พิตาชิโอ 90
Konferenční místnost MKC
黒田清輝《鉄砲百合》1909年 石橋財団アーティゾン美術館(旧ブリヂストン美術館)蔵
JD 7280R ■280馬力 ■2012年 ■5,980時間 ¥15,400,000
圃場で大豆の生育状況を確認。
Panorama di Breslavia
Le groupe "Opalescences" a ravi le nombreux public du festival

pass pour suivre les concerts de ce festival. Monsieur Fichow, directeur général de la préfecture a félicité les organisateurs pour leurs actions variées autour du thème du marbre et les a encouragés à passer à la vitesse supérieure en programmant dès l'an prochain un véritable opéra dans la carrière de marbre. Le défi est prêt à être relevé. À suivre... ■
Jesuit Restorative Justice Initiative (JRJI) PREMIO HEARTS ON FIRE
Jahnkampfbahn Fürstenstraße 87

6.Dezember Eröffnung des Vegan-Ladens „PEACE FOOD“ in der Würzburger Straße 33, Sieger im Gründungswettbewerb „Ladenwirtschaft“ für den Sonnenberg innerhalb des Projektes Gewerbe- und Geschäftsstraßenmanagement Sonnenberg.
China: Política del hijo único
=-=-=
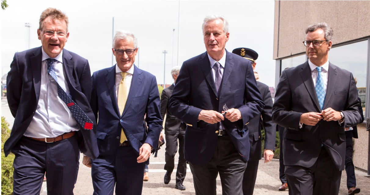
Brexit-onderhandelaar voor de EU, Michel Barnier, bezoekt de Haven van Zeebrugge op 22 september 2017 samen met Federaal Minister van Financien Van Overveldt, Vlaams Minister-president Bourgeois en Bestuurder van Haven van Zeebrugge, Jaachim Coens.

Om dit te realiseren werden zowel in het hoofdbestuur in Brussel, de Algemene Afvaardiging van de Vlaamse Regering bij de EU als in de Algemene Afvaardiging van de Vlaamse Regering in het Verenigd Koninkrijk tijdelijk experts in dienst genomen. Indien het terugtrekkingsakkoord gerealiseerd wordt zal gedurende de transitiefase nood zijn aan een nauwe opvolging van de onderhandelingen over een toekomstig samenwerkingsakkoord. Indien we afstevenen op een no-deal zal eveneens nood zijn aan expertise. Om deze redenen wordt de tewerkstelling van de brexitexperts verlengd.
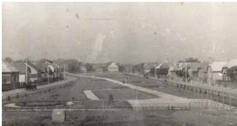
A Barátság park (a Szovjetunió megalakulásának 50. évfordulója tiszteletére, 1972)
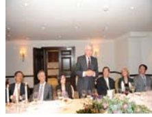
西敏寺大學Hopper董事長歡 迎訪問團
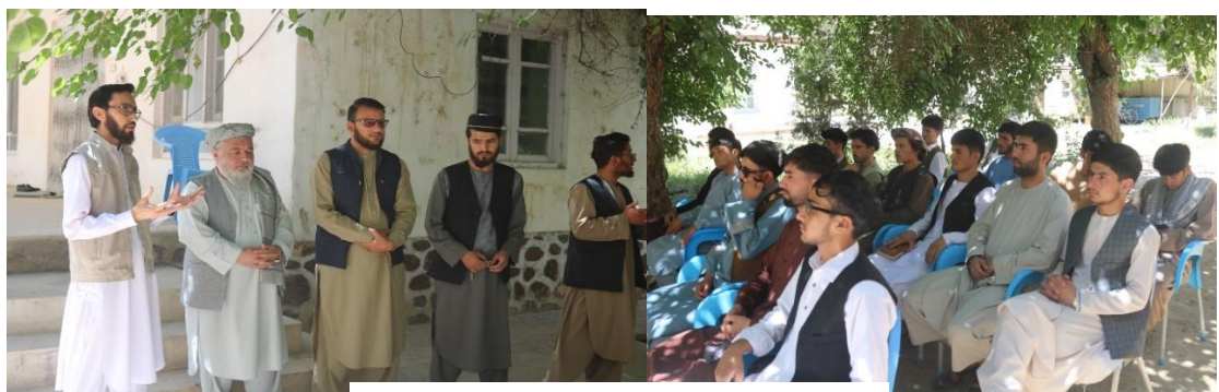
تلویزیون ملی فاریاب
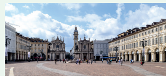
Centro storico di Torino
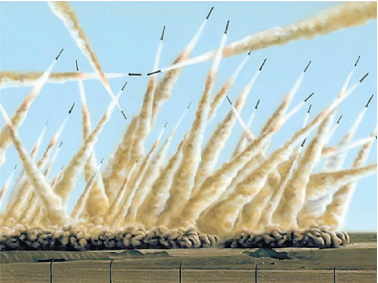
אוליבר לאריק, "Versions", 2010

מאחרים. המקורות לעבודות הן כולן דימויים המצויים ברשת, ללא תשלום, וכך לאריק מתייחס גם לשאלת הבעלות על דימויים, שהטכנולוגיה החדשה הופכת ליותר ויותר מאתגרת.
=-=-=
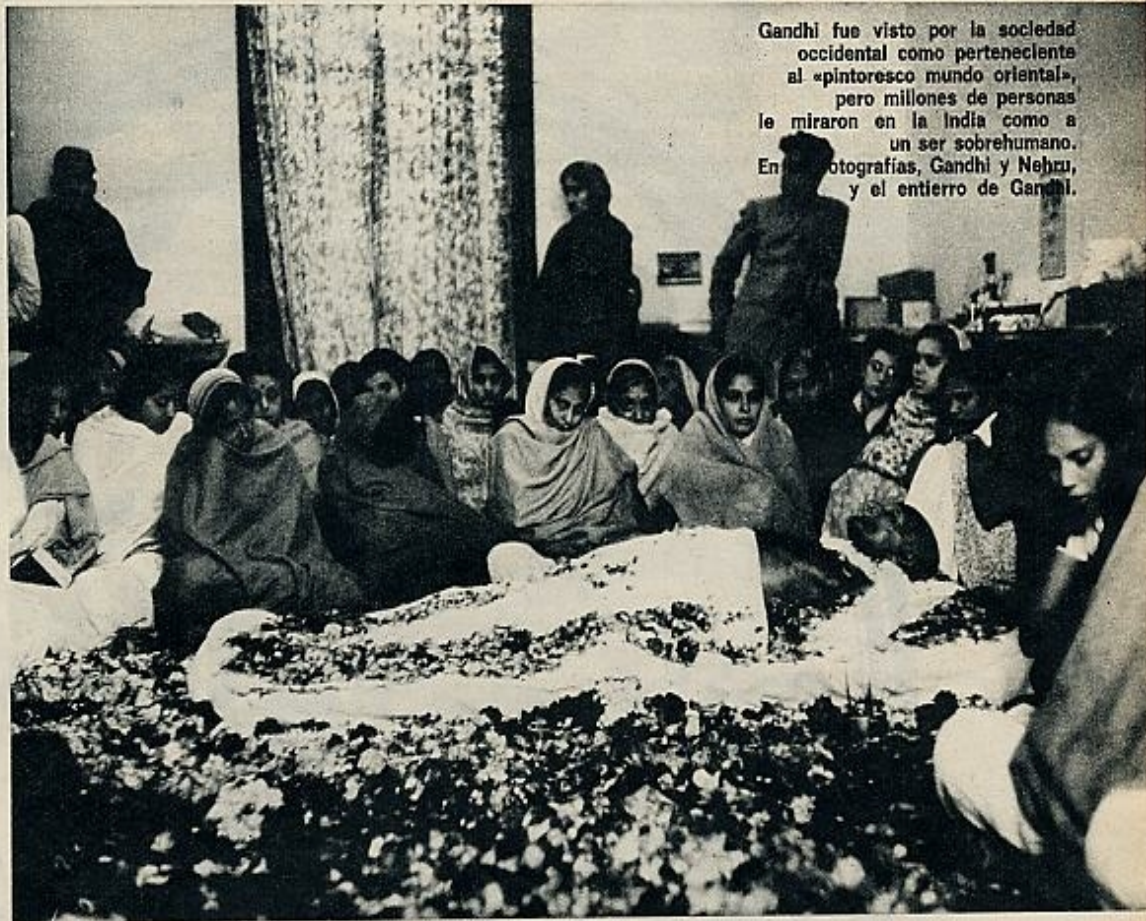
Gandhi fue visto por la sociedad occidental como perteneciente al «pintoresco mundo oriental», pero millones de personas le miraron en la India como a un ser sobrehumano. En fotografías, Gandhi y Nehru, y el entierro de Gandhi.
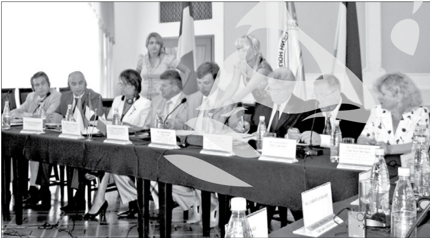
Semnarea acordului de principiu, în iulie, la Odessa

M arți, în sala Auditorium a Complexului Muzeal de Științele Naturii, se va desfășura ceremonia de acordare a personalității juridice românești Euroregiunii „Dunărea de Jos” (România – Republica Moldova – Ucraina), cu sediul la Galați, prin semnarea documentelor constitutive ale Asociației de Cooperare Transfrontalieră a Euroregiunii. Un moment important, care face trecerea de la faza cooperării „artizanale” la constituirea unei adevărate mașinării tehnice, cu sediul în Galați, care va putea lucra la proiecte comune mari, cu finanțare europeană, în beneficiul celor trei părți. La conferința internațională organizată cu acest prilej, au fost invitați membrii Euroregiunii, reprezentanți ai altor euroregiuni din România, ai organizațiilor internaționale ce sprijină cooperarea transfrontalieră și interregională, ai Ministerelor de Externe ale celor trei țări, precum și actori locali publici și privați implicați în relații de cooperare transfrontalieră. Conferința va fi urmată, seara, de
=-=-=
**Task goal:** Begin at the line that has "pass pour suivre" in the entries above; stop after the line that has "China: Política del hijo único". Transcribe exactly those lines and no others.

**Task solution:**
pass pour suivre les concerts de ce festival. Monsieur Fichow, directeur général de la préfecture a félicité les organisateurs pour leurs actions variées autour du thème du marbre et les a encouragés à passer à la vitesse supérieure en programmant dès l'an prochain un véritable opéra dans la carrière de marbre. Le défi est prêt à être relevé. À suivre... ■
Jesuit Restorative Justice Initiative (JRJI) PREMIO HEARTS ON FIRE
Jahnkampfbahn Fürstenstraße 87

6.Dezember Eröffnung des Vegan-Ladens „PEACE FOOD“ in der Würzburger Straße 33, Sieger im Gründungswettbewerb „Ladenwirtschaft“ für den Sonnenberg innerhalb des Projektes Gewerbe- und Geschäftsstraßenmanagement Sonnenberg.
China: Política del hijo único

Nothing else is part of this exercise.